▶ Work instructions
Pictures must not appear in the copy. Restate exactly the lines below from the one with "قاراي باعىت الدى." through the one with "ML301 ブルートゥース 送受信機はBluetooth", inclusive.

▶ Supplied data
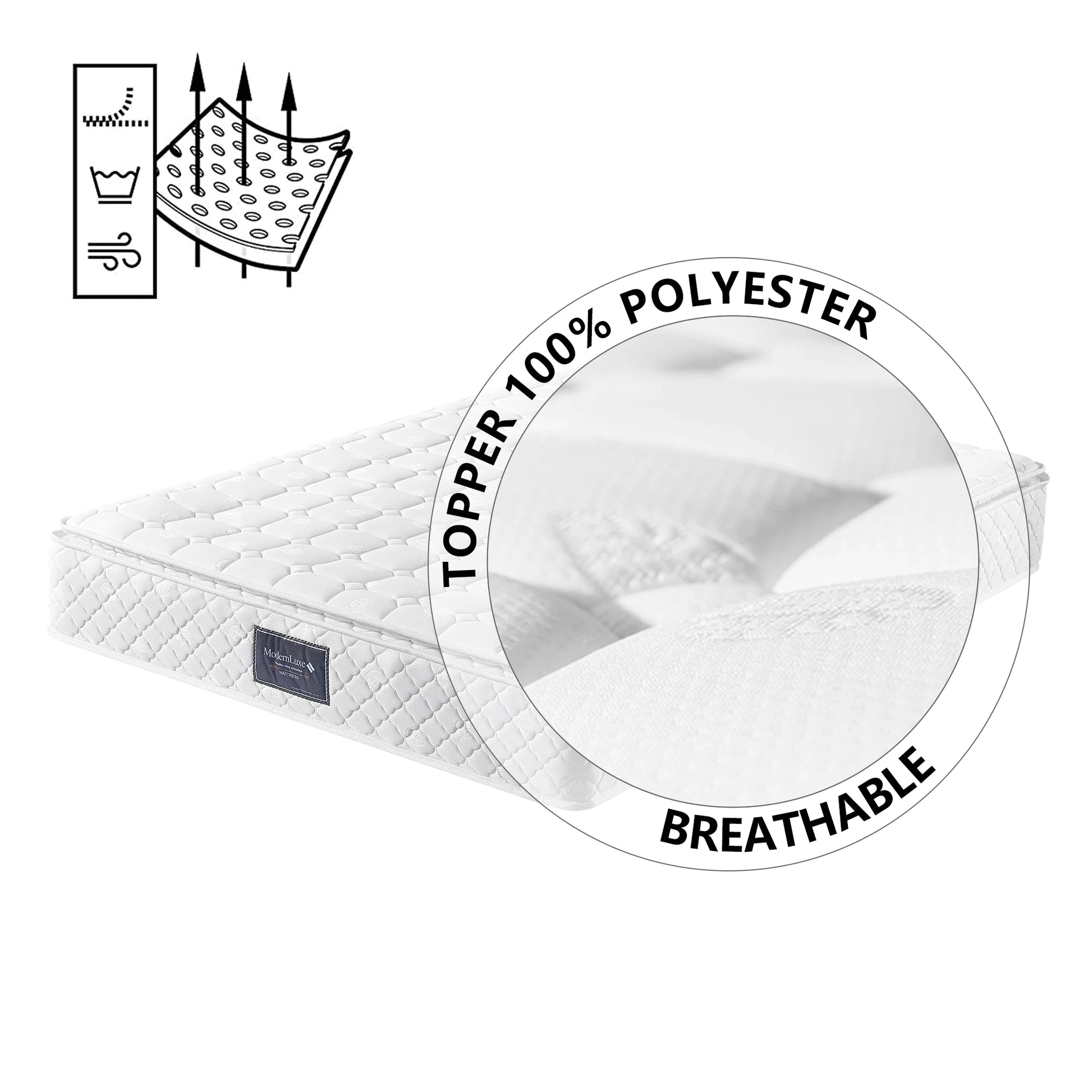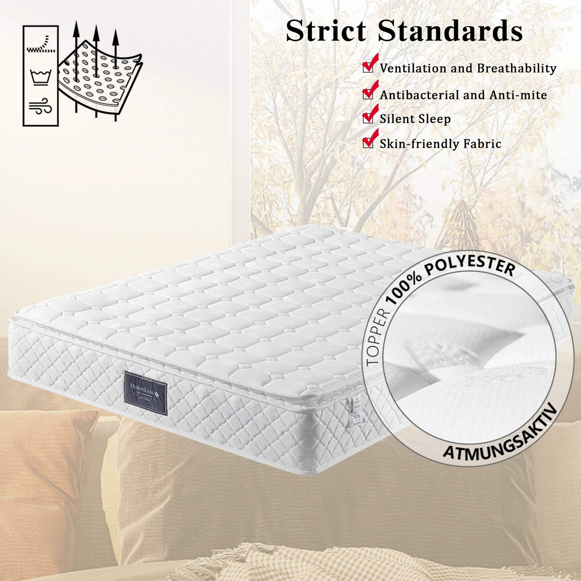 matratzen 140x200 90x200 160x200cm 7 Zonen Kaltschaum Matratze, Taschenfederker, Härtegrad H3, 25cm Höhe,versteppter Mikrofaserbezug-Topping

* * *

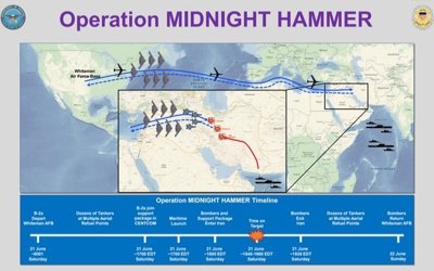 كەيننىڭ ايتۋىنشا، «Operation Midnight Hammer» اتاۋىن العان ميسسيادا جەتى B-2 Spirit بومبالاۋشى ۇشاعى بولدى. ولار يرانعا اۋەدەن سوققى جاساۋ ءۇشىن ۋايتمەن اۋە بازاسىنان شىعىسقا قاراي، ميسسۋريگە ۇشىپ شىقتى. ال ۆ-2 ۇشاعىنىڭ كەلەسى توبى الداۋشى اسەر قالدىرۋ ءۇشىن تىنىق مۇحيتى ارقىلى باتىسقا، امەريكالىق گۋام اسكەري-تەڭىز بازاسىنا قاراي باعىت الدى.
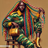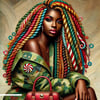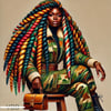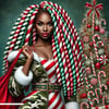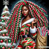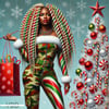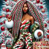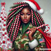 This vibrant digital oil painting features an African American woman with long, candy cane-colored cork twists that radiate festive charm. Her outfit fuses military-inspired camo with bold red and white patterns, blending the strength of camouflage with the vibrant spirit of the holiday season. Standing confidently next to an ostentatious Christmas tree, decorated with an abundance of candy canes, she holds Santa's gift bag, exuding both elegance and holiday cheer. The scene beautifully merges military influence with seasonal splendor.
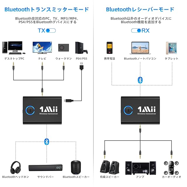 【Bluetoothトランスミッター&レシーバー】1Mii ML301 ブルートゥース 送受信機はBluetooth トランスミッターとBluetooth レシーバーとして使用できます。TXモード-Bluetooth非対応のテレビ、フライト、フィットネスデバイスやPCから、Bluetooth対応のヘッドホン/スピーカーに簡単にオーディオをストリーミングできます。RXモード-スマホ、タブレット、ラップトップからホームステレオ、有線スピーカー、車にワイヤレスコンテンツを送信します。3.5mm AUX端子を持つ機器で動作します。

==

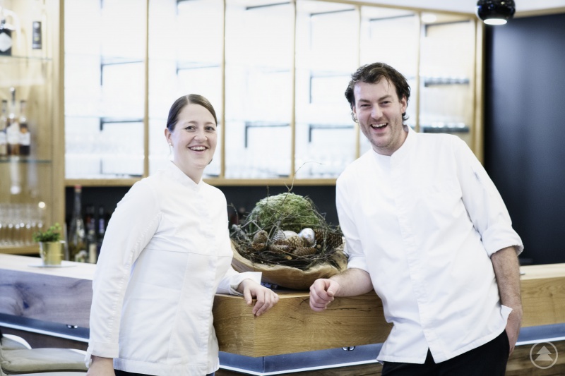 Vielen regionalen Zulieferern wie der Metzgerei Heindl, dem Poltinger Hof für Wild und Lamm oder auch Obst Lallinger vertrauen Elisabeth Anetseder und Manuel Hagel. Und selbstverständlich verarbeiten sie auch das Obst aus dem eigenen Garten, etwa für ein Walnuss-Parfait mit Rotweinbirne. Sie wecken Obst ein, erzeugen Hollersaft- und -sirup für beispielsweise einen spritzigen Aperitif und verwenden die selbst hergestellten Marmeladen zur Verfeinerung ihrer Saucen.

▶ Expected answer
 كەيننىڭ ايتۋىنشا، «Operation Midnight Hammer» اتاۋىن العان ميسسيادا جەتى B-2 Spirit بومبالاۋشى ۇشاعى بولدى. ولار يرانعا اۋەدەن سوققى جاساۋ ءۇشىن ۋايتمەن اۋە بازاسىنان شىعىسقا قاراي، ميسسۋريگە ۇشىپ شىقتى. ال ۆ-2 ۇشاعىنىڭ كەلەسى توبى الداۋشى اسەر قالدىرۋ ءۇشىن تىنىق مۇحيتى ارقىلى باتىسقا، امەريكالىق گۋام اسكەري-تەڭىز بازاسىنا قاراي باعىت الدى.
 This vibrant digital oil painting features an African American woman with long, candy cane-colored cork twists that radiate festive charm. Her outfit fuses military-inspired camo with bold red and white patterns, blending the strength of camouflage with the vibrant spirit of the holiday season. Standing confidently next to an ostentatious Christmas tree, decorated with an abundance of candy canes, she holds Santa's gift bag, exuding both elegance and holiday cheer. The scene beautifully merges military influence with seasonal splendor.
 【Bluetoothトランスミッター&レシーバー】1Mii ML301 ブルートゥース 送受信機はBluetooth トランスミッターとBluetooth レシーバーとして使用できます。TXモード-Bluetooth非対応のテレビ、フライト、フィットネスデバイスやPCから、Bluetooth対応のヘッドホン/スピーカーに簡単にオーディオをストリーミングできます。RXモード-スマホ、タブレット、ラップトップからホームステレオ、有線スピーカー、車にワイヤレスコンテンツを送信します。3.5mm AUX端子を持つ機器で動作します。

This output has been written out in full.